Kidney sections were incubated with anti-mCD45 (red) and anti-hCD45 (green) antibodies and images were captured by fluorescence microscopy (T = tubule). Occasional (<5%) glomeruli of anti-PR3 treated mice displayed intense extracapillary leukocyte infiltration (A) in the shape of crescents (arrows). Most glomeruli in animals treated with anti-PR3 antibodies (n = 18) had evidence of intraglomerular (B,G) and peri-glomerular (C,G) leukocyte infiltration. These were comprised mostly of mCD45+ cells, although some hCD45 leukocytes were also present (arrowheads). In addition, there was a significant increase in peri-vascular leukocyte (mCD45+ and hCD45+) infiltration in anti-PR3 treated mice (D,G [per arteriolar section (art.sec.)]). Sections were also stained for deposition of IgG [red] (E,G) and C3 [green] (F,G). IgG was detectable within periglomerular cells, but there was minimal deposition within the glomeruli. Mouse C3 was weakly deposited in glomeruli but was no different between control group (n = 8) and anti-PR3 group (n = 18).
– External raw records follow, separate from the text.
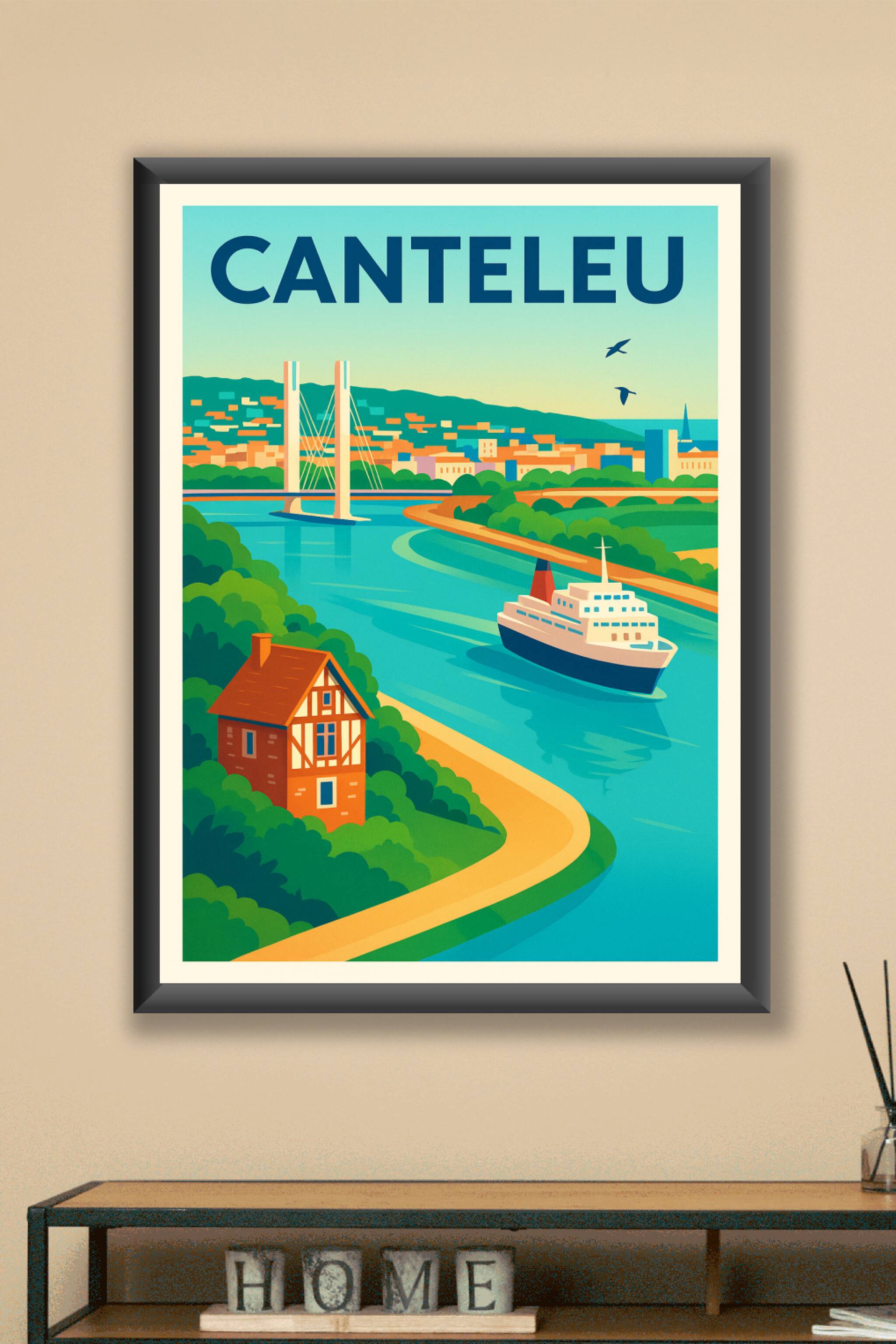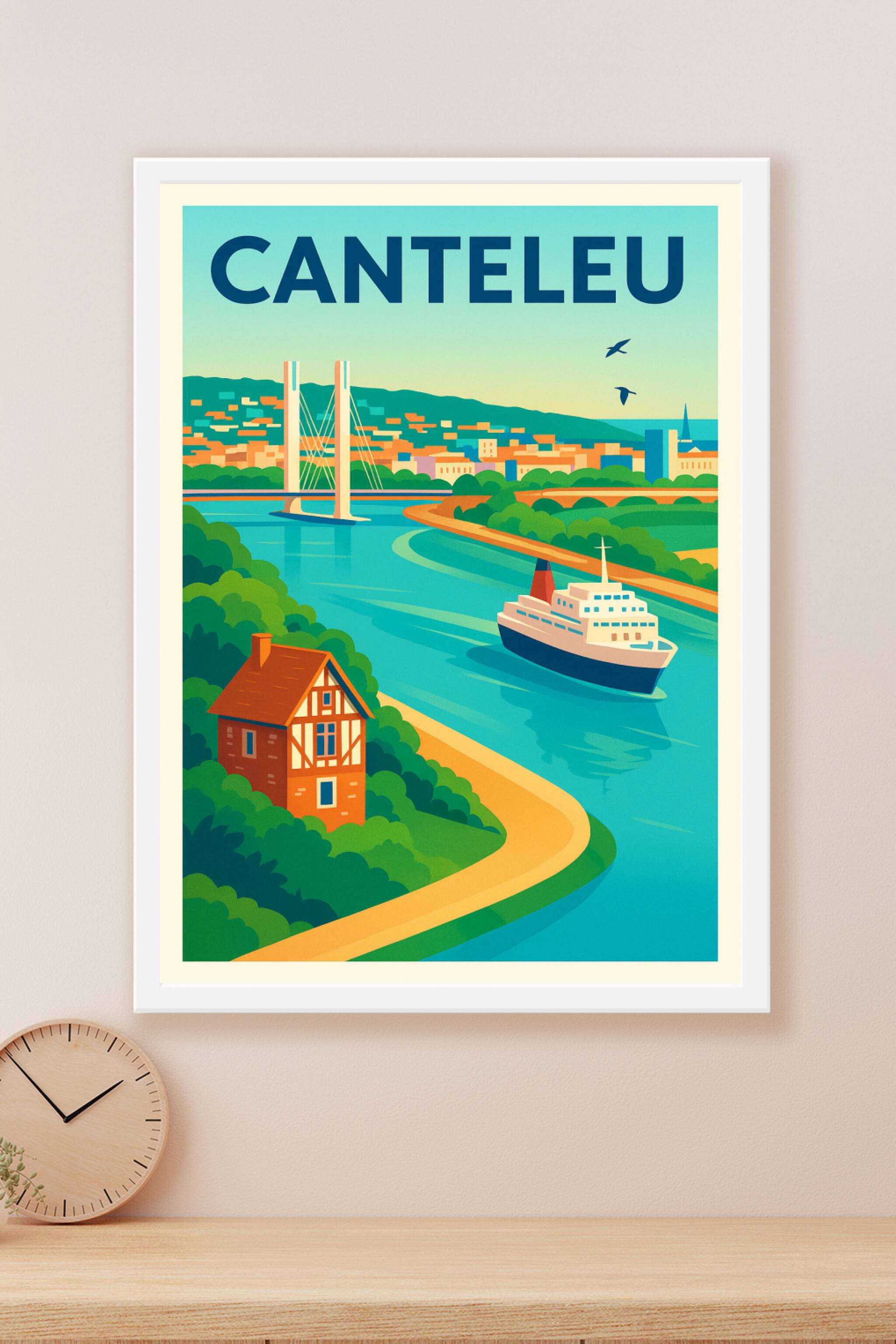 Découvrez Canteleu à travers cette affiche au style graphique et coloré mettant en avant la ville et son paysage fluvial, entre nature verdoyante e...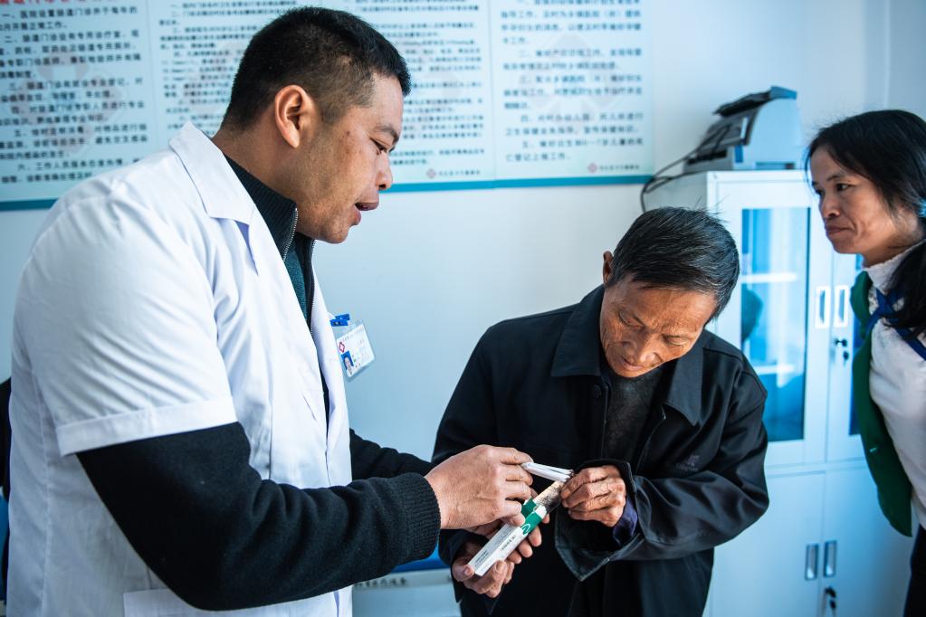医生在由澳门援建的从江县小翁村卫生室内给村民讲解用药须知(2019年11月15日摄)。新华社记者 陶亮 摄
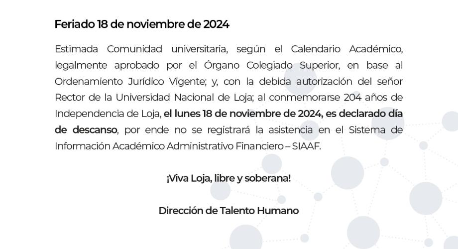 Comunicado Oficial |Feriado 18 de Noviembre de 2024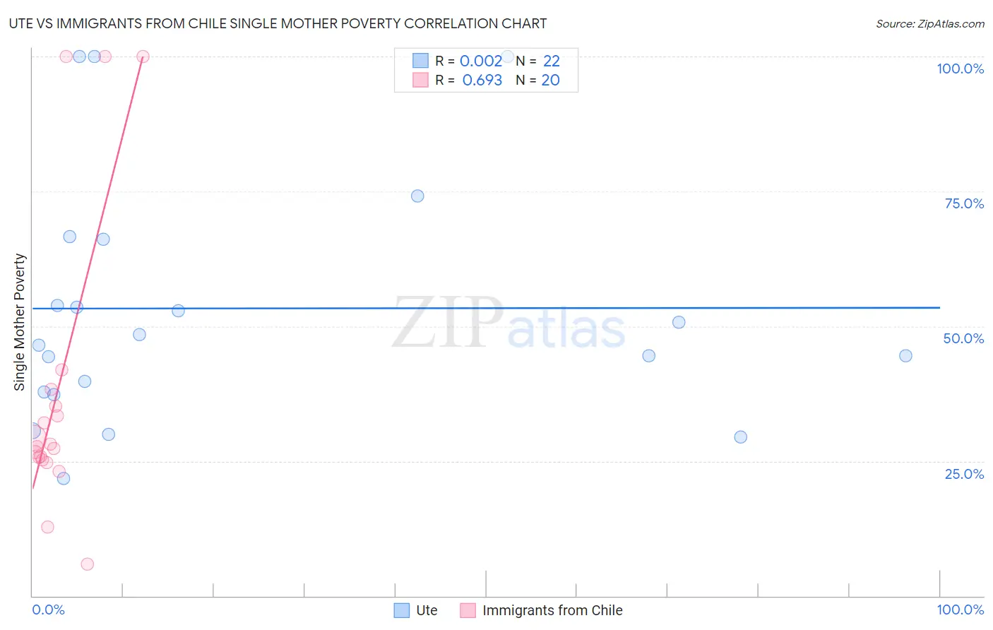 Ute vs Immigrants from Chile Single Mother Poverty Correlation Chart

Note mouse C3 can be detected normally binding avidly to tubular basement membranes. (Marker = 10 µm) (*P<0.05, **P<0.01. median ± IQ ± max/min values). (H) Kidney sections from anti-PR3 and control treated animals were incubated with anti-PR3 positive ANCA IgG. In the peritubular capillaries of chimera mice that received anti-PR3 hIgG occasional leukocytes detected by anti-hPR3 hIgG could be detected. No positively stained human neutrophils were seen in glomeruli.
Figure 4
Figure 4. Anti-PR3 antibodies induce capillaritis with leukocytes of mouse and human origin.
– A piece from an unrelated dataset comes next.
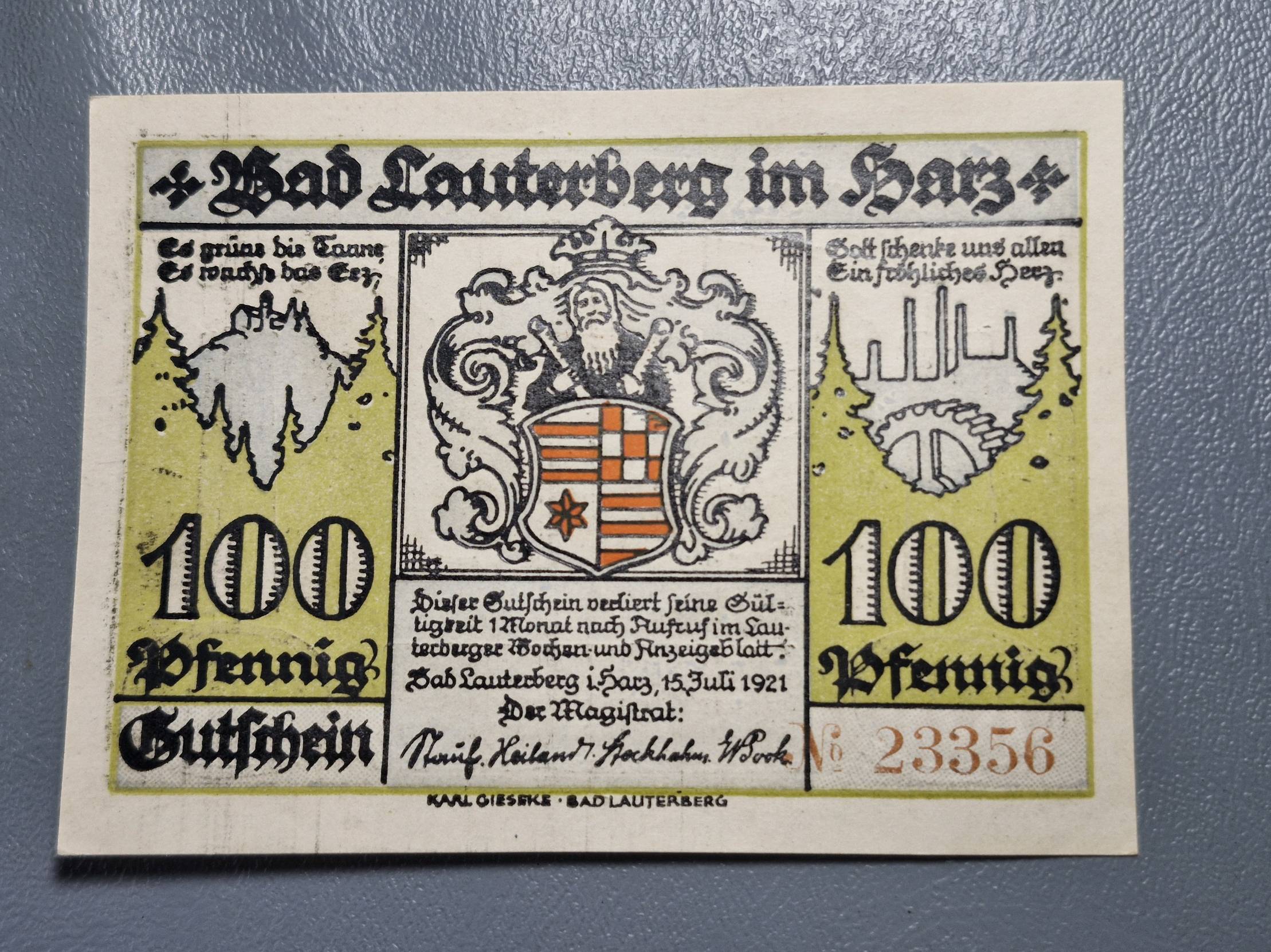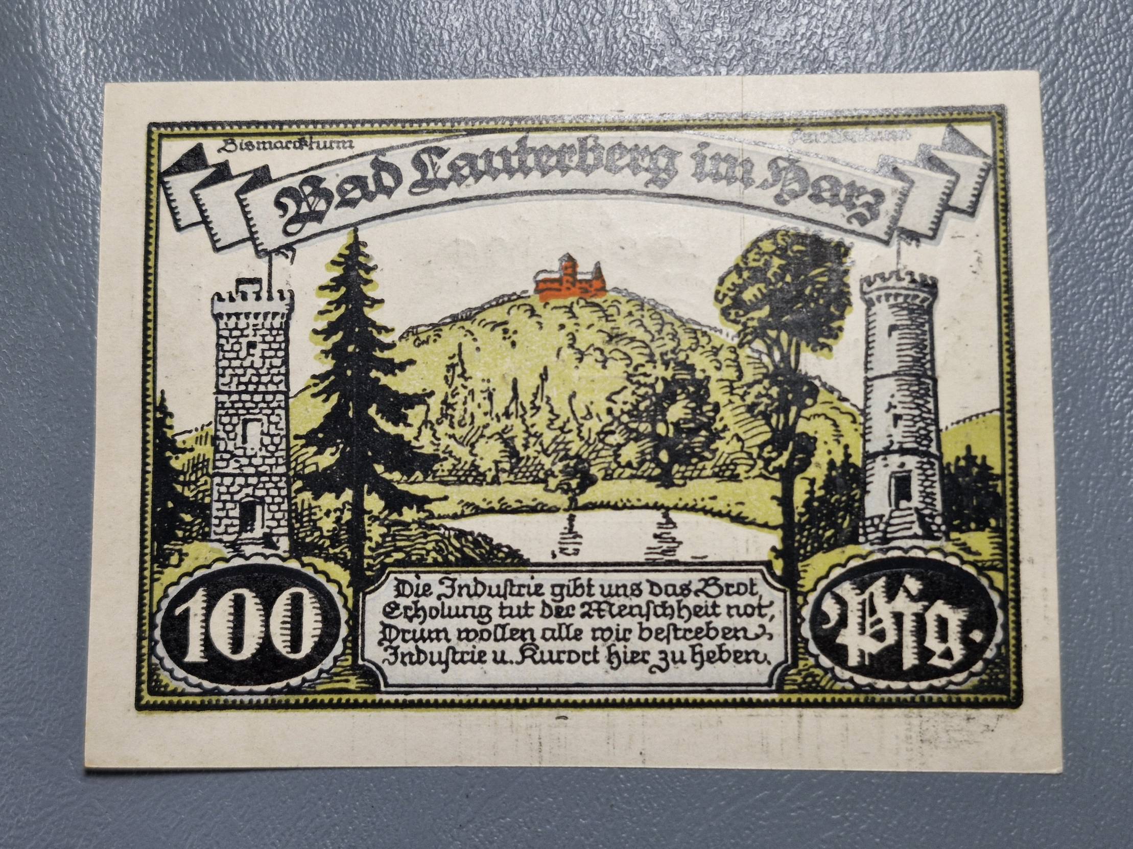 100 Pfennig 1921.07.15 Lauterberg Notgeld Vokietij

(A) Photomicrographs of explanted lungs from mice treated with disease control IgG (n = 8) or from patients with anti-PR3 ANCA (n = 18). Mice treated with anti-PR3 ANCA displayed petechiae over the surface of the lung. (B) H&E stained low and high power images of lungs from chimera mice injected with anti-PR3 antibodies 6 days previously. Note hemorrhage, inflammation, thickening of alveolar walls, enlarged, highly vacuolated alveolar macrophages and prominent recruitment of neutrophils (arrows) within the alveolar walls. These features are consistent with capillaritis. By comparison chimera mice treated with control IgG showed normal lung architecture. (C) Immunostaining of lung tissue to assess the degree of leukocyte infiltration. Note that in mice that received anti-PR3 ANCA IgG there was significant recruitment of leukocytes to the peribronchial areas (thin arrows) and also the alveolar areas (fat arrows). In addition many alveoli in mice treated with anti-PR3 antibodies had apoptotic debris that was partially ingested by alveolar macrophages (arrowheads) (bar = 50 µm). (D) Blinded assessment of human and mouse leukocyte recruitment to the lungs of treated animals (** P<0.01. median ± IQ ± max/min values).